UP-REGULATION OF NO-cGMP SIGNAL TRANSDUCTION SYSTEM IS INVOLVED IN THE BIOLOGICAL MECHANISMS OF OPIATE TOLERANCE AND WITHDRAWAL

AIM　To determine the effect of chronic treatment with opioid agonists on NO-cGMP signal system on the basis of successful establishment of a NG-LNCXiNOS cell line expressing iNOS cDNA and a cell model of opioid tolerance and naloxone-precipitated withdrawal. METHODS　NOS activity and cGMP content were determined by the conversion of 3H-Arginine to 3H-Citrulline and radioimmunoassay, respectively. Western blot analysis and NADPH diaphorase (NADPH-d) histochemical assay were used to detecte the level of iNOS gene expression and NADPH-d activity which is a histochemical marker for NOS. RESULTS　Long-term exposure of NG-LNCXiNOS cells to various opioid agonists enhanced the cytosolic iNOS activity, accompanying the increase in intracellular cGMP content in a dose-dependent manner.

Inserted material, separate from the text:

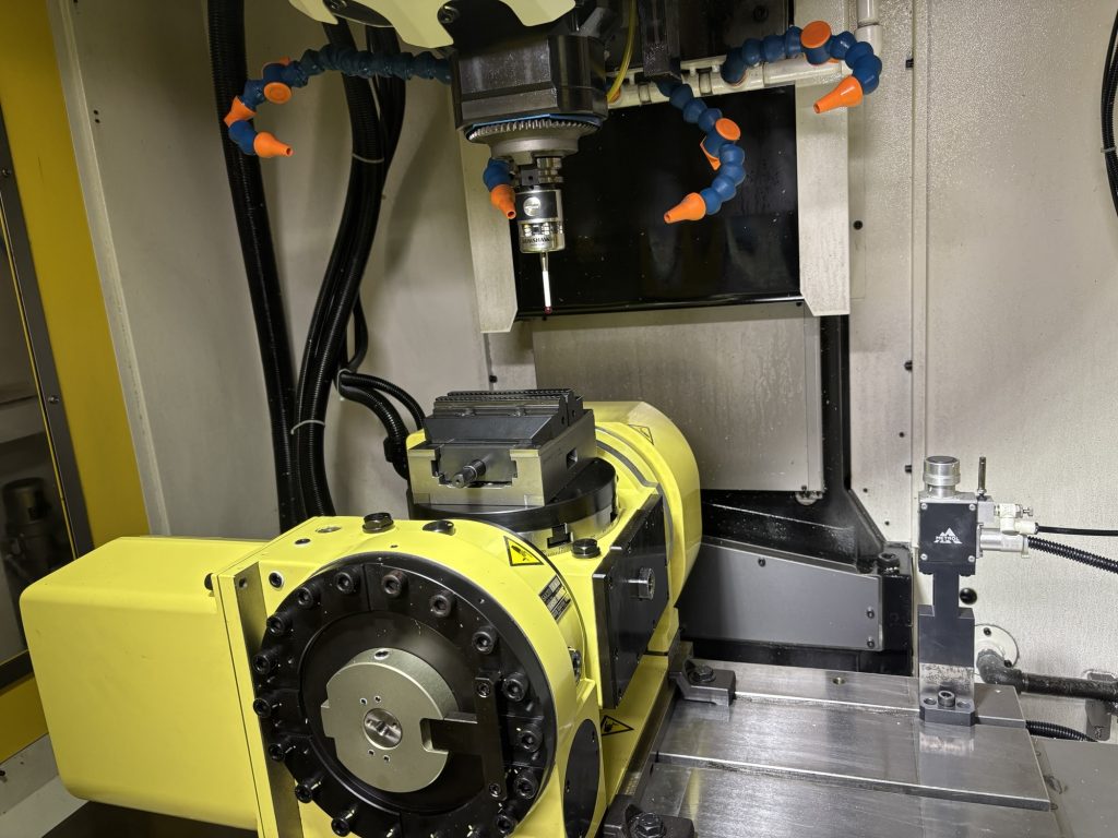機械メーカーに来てもらい、5軸マシニングの調整をしました。

The order of potencies was DPDPE>DADLE> morphine. The EC₅₀ values of the above indicators were nmol.L^-1 level. When naloxone induced cell withdrawal, the iNOS activity and cGMP level were dramatically higher than those with agonists alone. Pretreatment of the cells with the more efficacious δ-ligand (DPDPE) for 48 hours also may lead to high-level expression of iNOS protein and elevate the number of NADPH diaphorase-positive cells. CONCLUSION　Chronic opioid treatment was shown to up-regulate the NO-cGMP signal pathway, which may reflect an important biochemical change accounting for development of tolerance to and dependence on opiate. Thus, NG-LNCXiNOS cells provide a suitable system for studying the relationship between AC-cAMP and NO-cGMP signal system on the molecular mechanisms of opiate tolerance and dependence.